Task prompt: All entries below are to be written out again exactly, but no picture is to be copied.
Input below:
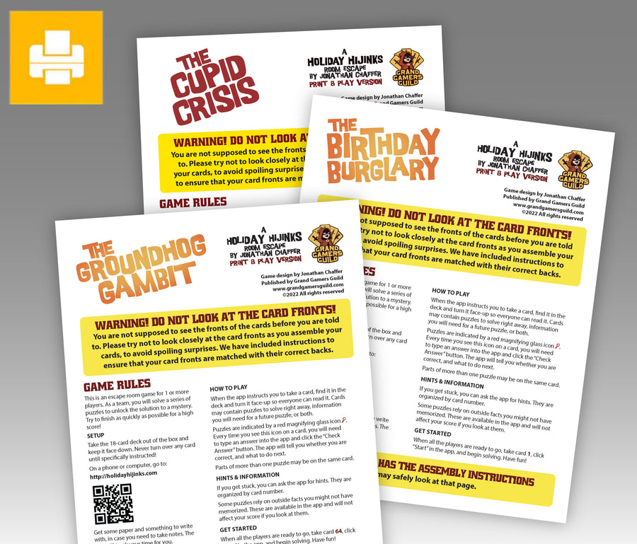 Get three of our most popular Hijinks games for a special discounted price! As always, each game presents a mysterious circumstance that requires wit and clever detective skills to solve. But no worries, if you get stuck we always have a built in hint system! It's the perfect game for your game night!
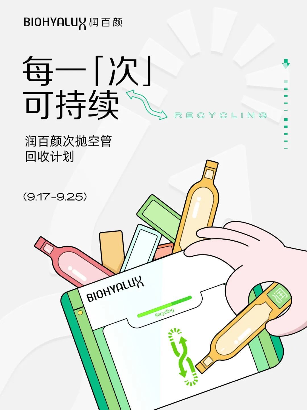 在世界清洁地球日当天(9月17日),润百颜再次启动“次抛空管回收”计划,消费者可通过官方微信小程序对已经空管的次抛精华包装进行回收,鼓励和带动消费者一起践行可持续生活。
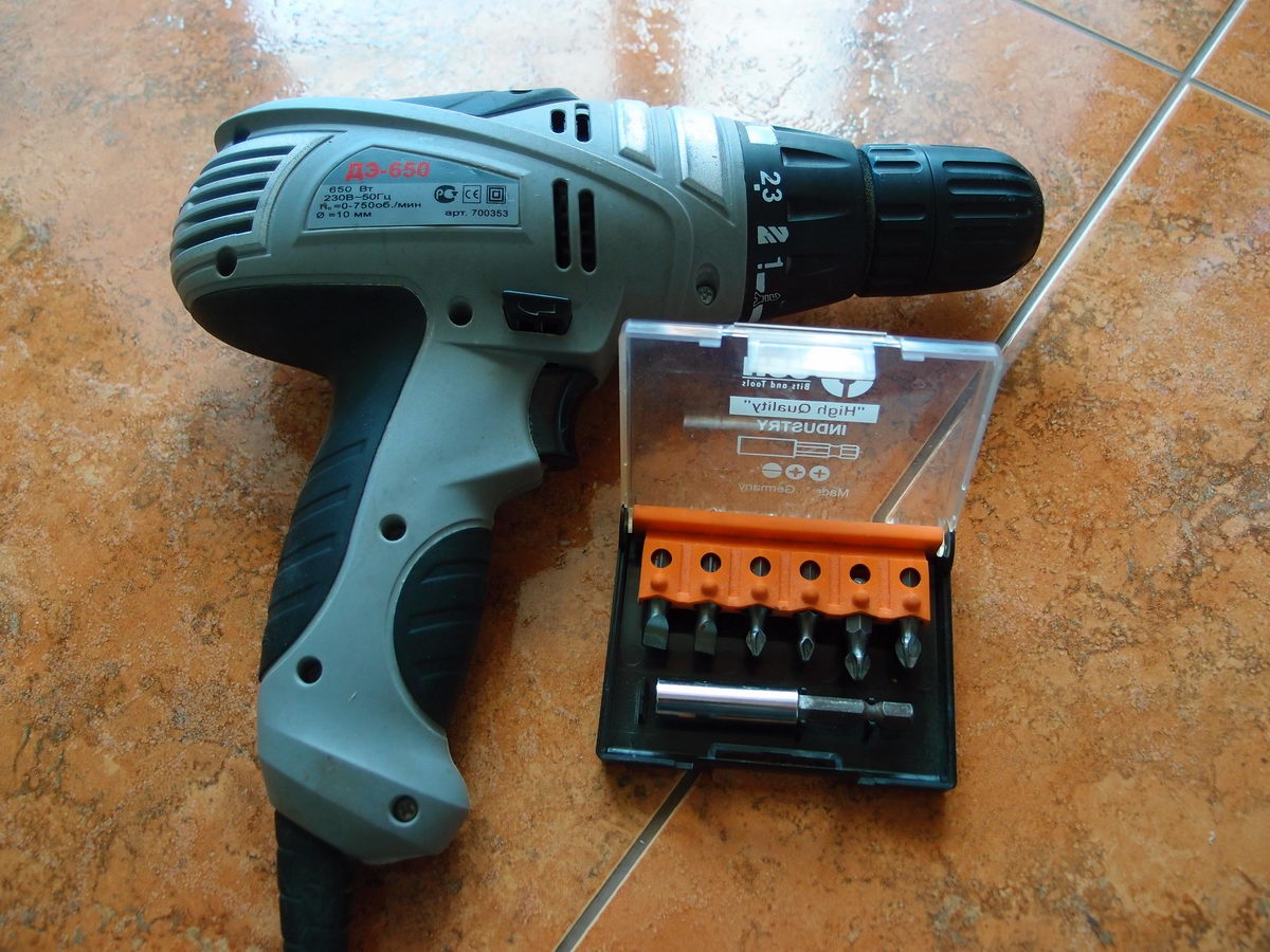 - Шуруповерт электрический, мощный с трещеткой и набором бит.
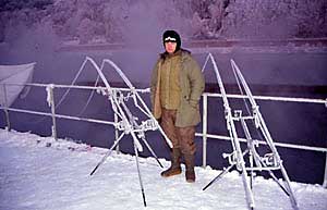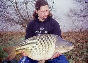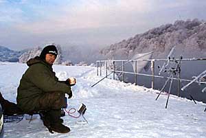 Weil ich für die Futterkampagne und auch beim Angeln als Köder sehr kleine Boilies benutzte, passe ich auch meine Montage dem an. Seit Jahren benutze ich nur die Safety-Bolt-Montage und nie kleiner als 150 g. In der restlichen Jahreszeit benutze ich Kombi Rig mit 20 cm 25 lbs Amnesia und 2 cm 35 lbs Krystonite und jetzt in der Winterzeit 25 cm 20 lbs Amnesia und 5 cm 25 lbs Krystonite. Die meistbenutzte Hakengröße ist die Größe 6, beködert mit 1-2 Minis oder einem 14 mm Boilie und natürlich mit PVA-Stringer oder PVA-Beutel dazu. Die Ruten, die ich konstant am Neckar benutze für die mittlere Distanz sind 12` 2 lbs mit parabolischer Aktion, die mir ein fantastisches Gefühl beim Drillen großer Karpfen verleiht. Schlagschnur benutze ich nie, deswegen habe ich auf der Rolle durchgehend 0,40 mm monofile Schnur. Neben Futter und Ködern ist noch einer und vielleicht der wichtigste Faktor für einen guten Fang am Neckar der Wasserstand. Ich möchte nicht daran denken wieviel Futter ich sonst in den Neckar reingekippt habe ohne angeln zu können, weil der „Bach“ mir einen Strich durch die Rechnung gemacht hat. Zur Zeit reicht ein eintägiger Dauerregen aus es unmöglich zu machen am Neckar zu angeln. Konstanter Wasserstand mit winzigen Erhöhungen ist sehr gut für einen guten Fang. Mit leicht erhöhtem Wasserstand sind die Karpfen mehr in Bewegung und automatisch haben sie einen höheren Nahrungsbedarf. In der Winterzeit sind außer dem Wasser-bestand auch noch die Wetterbedingungen entscheidende Faktoren für den Erfolg. Mäßige Niederschläge und Wärmeausbrüche haben sehr positive Wirkung auf den Appetit des Karpfens. Nur im Fall einer Krankheit oder Abwesenheit könnte es passieren, daß ich nach 3 –4 Nächten mit einer Temperatur von + 4° C nicht am Wasser bin. Es geht nicht darum, daß es mir angenehm ist nur bei Plus-graden zu angeln, ich habe auch schon bei –15° C die ganze Nacht am Wasser verbracht, sondern es geht darum, daß nach 3 – 4 Nächten mit + - Graden die Wassertemperatur sich um mindestens 2 Grad erhöht, was sehr vielver-sprechend klingt.
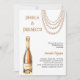 Um convite moderno, na moda e glamouroso para um Chá de panela de Pérolas e Prosecco. Um fundo branco com colar de pérolas e um frasco de ouro de Prosecco. O nome é escrito com um moderno estilo escrito à mão. Personalize e adicione os detalhes da sua festa.
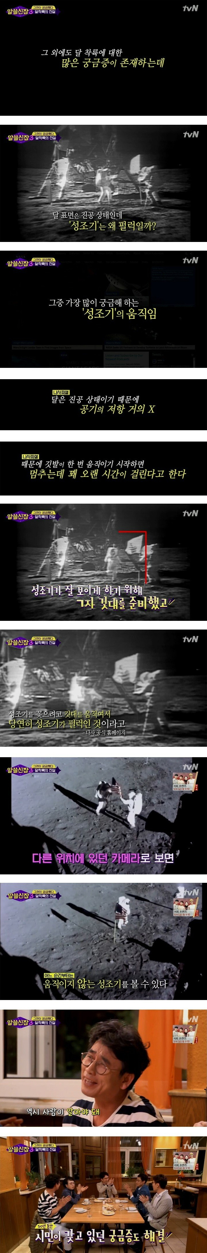 이에 다른 출연진은 “달 착륙선이 다리가 3개가 있는데 착륙선에서 떨어져서 찍은 것이 아니라 다리 쪽에 달린 카메라가 아래에서 위로 찍은 것이다.”라고 답했다.
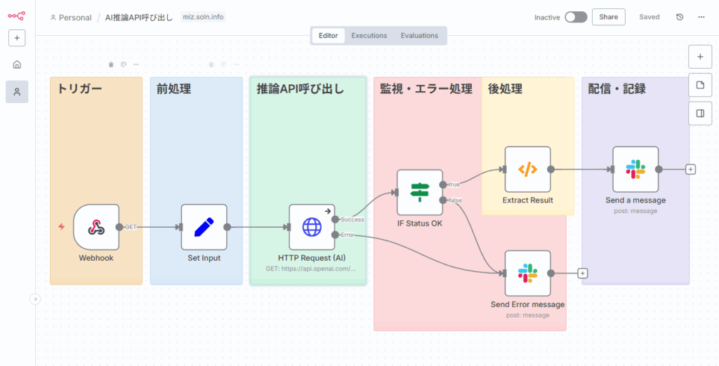 - 最小構成は4点セットから: まずは「トリガー(Webhook/スケジュール) → AI呼び出し(HTTP Request) → データ整形(Function) → 出力(Slack/メール等)」の基本形をマスターすることが成功への近道です。
End of Input.
Answer area:
 Get three of our most popular Hijinks games for a special discounted price! As always, each game presents a mysterious circumstance that requires wit and clever detective skills to solve. But no worries, if you get stuck we always have a built in hint system! It's the perfect game for your game night!
 在世界清洁地球日当天(9月17日),润百颜再次启动“次抛空管回收”计划,消费者可通过官方微信小程序对已经空管的次抛精华包装进行回收,鼓励和带动消费者一起践行可持续生活。
 - Шуруповерт электрический, мощный с трещеткой и набором бит.
 Weil ich für die Futterkampagne und auch beim Angeln als Köder sehr kleine Boilies benutzte, passe ich auch meine Montage dem an. Seit Jahren benutze ich nur die Safety-Bolt-Montage und nie kleiner als 150 g. In der restlichen Jahreszeit benutze ich Kombi Rig mit 20 cm 25 lbs Amnesia und 2 cm 35 lbs Krystonite und jetzt in der Winterzeit 25 cm 20 lbs Amnesia und 5 cm 25 lbs Krystonite. Die meistbenutzte Hakengröße ist die Größe 6, beködert mit 1-2 Minis oder einem 14 mm Boilie und natürlich mit PVA-Stringer oder PVA-Beutel dazu. Die Ruten, die ich konstant am Neckar benutze für die mittlere Distanz sind 12` 2 lbs mit parabolischer Aktion, die mir ein fantastisches Gefühl beim Drillen großer Karpfen verleiht. Schlagschnur benutze ich nie, deswegen habe ich auf der Rolle durchgehend 0,40 mm monofile Schnur. Neben Futter und Ködern ist noch einer und vielleicht der wichtigste Faktor für einen guten Fang am Neckar der Wasserstand. Ich möchte nicht daran denken wieviel Futter ich sonst in den Neckar reingekippt habe ohne angeln zu können, weil der „Bach“ mir einen Strich durch die Rechnung gemacht hat. Zur Zeit reicht ein eintägiger Dauerregen aus es unmöglich zu machen am Neckar zu angeln. Konstanter Wasserstand mit winzigen Erhöhungen ist sehr gut für einen guten Fang. Mit leicht erhöhtem Wasserstand sind die Karpfen mehr in Bewegung und automatisch haben sie einen höheren Nahrungsbedarf. In der Winterzeit sind außer dem Wasser-bestand auch noch die Wetterbedingungen entscheidende Faktoren für den Erfolg. Mäßige Niederschläge und Wärmeausbrüche haben sehr positive Wirkung auf den Appetit des Karpfens. Nur im Fall einer Krankheit oder Abwesenheit könnte es passieren, daß ich nach 3 –4 Nächten mit einer Temperatur von + 4° C nicht am Wasser bin. Es geht nicht darum, daß es mir angenehm ist nur bei Plus-graden zu angeln, ich habe auch schon bei –15° C die ganze Nacht am Wasser verbracht, sondern es geht darum, daß nach 3 – 4 Nächten mit + - Graden die Wassertemperatur sich um mindestens 2 Grad erhöht, was sehr vielver-sprechend klingt.
 Um convite moderno, na moda e glamouroso para um Chá de panela de Pérolas e Prosecco. Um fundo branco com colar de pérolas e um frasco de ouro de Prosecco. O nome é escrito com um moderno estilo escrito à mão. Personalize e adicione os detalhes da sua festa.
 이에 다른 출연진은 “달 착륙선이 다리가 3개가 있는데 착륙선에서 떨어져서 찍은 것이 아니라 다리 쪽에 달린 카메라가 아래에서 위로 찍은 것이다.”라고 답했다.
 - 最小構成は4点セットから: まずは「トリガー(Webhook/スケジュール) → AI呼び出し(HTTP Request) → データ整形(Function) → 出力(Slack/メール等)」の基本形をマスターすることが成功への近道です。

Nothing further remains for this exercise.